The figure shown above consists of three identical circles that are tangent to each other. If the area of the shaded region is $$64\sqrt{3}-32\pi$$, what is the radius of each circle?

(A) 4
(B) 8
(C) 16
(D) 24
(E) 32

Let the radius of the circle be $$r$$, then the side of equilateral triangle will be $$2r$$.

Area of the shaded region equals to area of the equilateral triangle minus area of three 60 degrees sectors.

Area of a 60 degree sector is 1/6 of the are of whole circle (as whole circle is 360 degrees and 60 is 1/6 of it), hence are of 3 such sectors will be 3/6=1/2 of the area of whole circle, so $$area_{sectors}=\frac{\pi{r^2}}{2}$$ (here if you could spot that $$\frac{\pi{r^2}}{2}$$ should correspond to $$32\pi$$ then you can write $$\frac{\pi{r^2}}{2}=32\pi$$ --> $$r=8$$);

Area of equilateral triangle equals to $$a^2\frac{\sqrt{3}}{4}$$, where $$a$$ is the length of a side.
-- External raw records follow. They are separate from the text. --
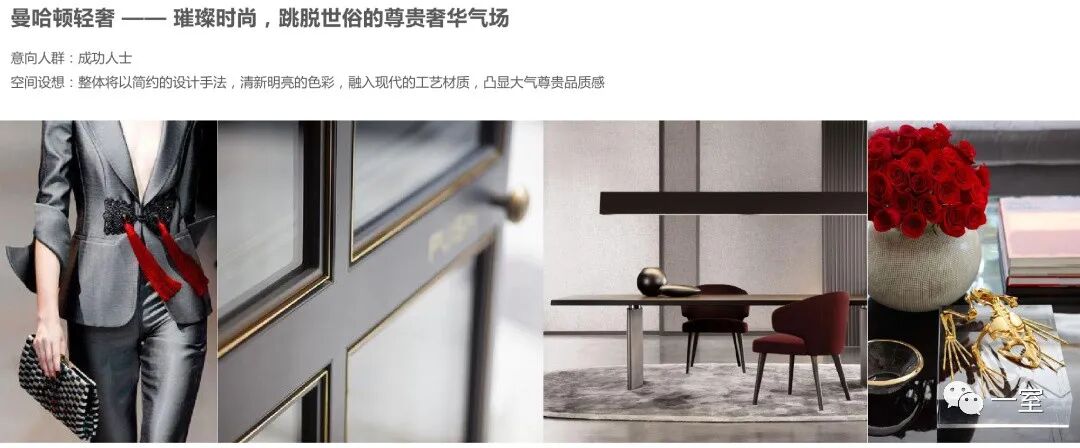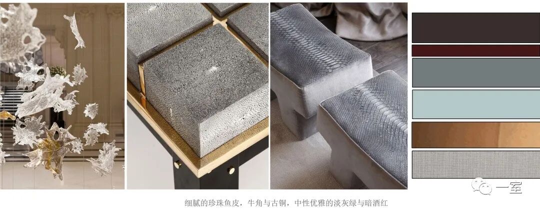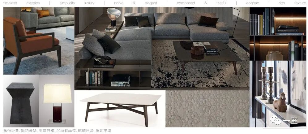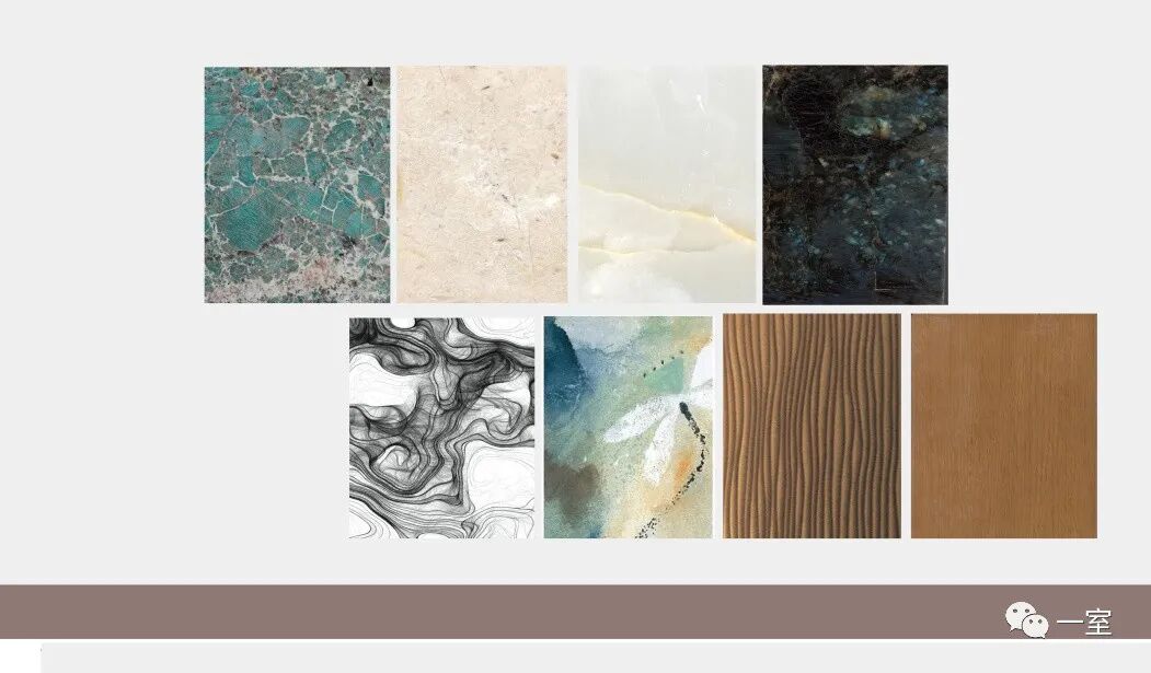 材质有质感、色彩等多方面的体现,在PPT中加上材质搭配意向图,能更好的了解客户对不同材质的需求和喜好,以便后期方案的推进。
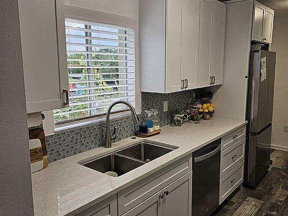 Waterfront VIEW! You can't beat this location and views of Curry Creek! This 2 BEDROOM, 2 BATH END UNIT features a SPLIT FLOOR PLAN and is the LARGEST UNIT in the complex. Vinyl plank flooring throughout, new stainless steel kitchen appliances, new washer/dryer and kitchen newly remodeled with Quartz countertops. Plantation shutters in both bedrooms. Unit features 3 FRENCH DOORS leading out to the large Florida Room from the Kitchen, Living room and the Master bedroom with beautiful views of Curry Creek. The Guest Bedroom has its own lanai where you can view relax and enjoy the view as well. WASHER AND DRYER are in the unit in a large utility room with lots of room for storage. This Condo also has 2 PARKING SPOTS assigned to this unit. There are Kayak racks, a dock where you can fish, a pool and shuffle board available. If you are looking for a peaceful, relaxing place this is it! Call today.
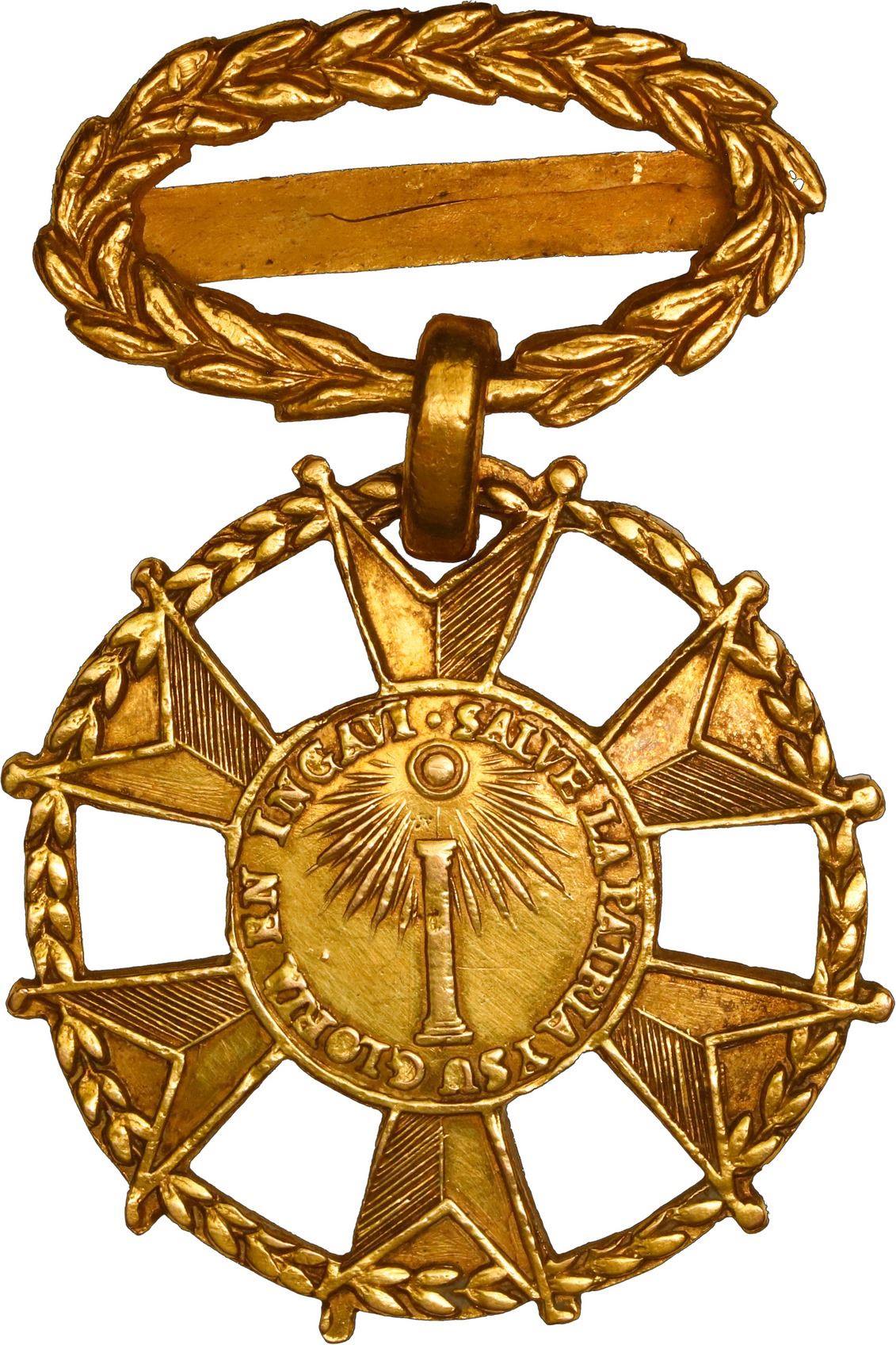 BOLIVIA, gold military decoration, 1841, Ingaví, very rare. Ross & Stahl-B12a (but without enamel). 16.57 grams. 32 mm. A round decoration with laurel periphery supported by six triangular spokes leading to a small central medallion whose obverse shows radiant sun above column within legend SALVE LA PATRIA YSU GLORIA EN INGAVI•, the reverse showing legend 18 DE NOVIEMBRE above DE 1841 above mountain lands; a crimped flat jump ring connects the top to an oval wreath hanger with flat back for ribbon. Overall in good condition, the central medallion boldly detailed but polished and heavily striated on reverse.
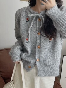 温柔风软fufu甜美绣花毛衣外套女秋冬2025新款韩系针织开衫上衣服

So in our case $$area_{equilateral}=(2r)^2*{\frac{\sqrt{3}}{4}}=r^2\sqrt{3}$$;

Area of the shaded region equals to $$64\sqrt{3}-32\pi$$, so $$area_{equilateral}-area_{sectors}=r^2\sqrt{3}-\frac{\pi{r^2}}{2}=64\sqrt{3}-32\pi$$ --> $$r^2=\frac{2(64\sqrt{3}-32\pi)}{2\sqrt{3}-\pi}=\frac{64(2\sqrt{3}-\pi)}{(2\sqrt{3}-\pi)}=64$$ --> $$r=8$$.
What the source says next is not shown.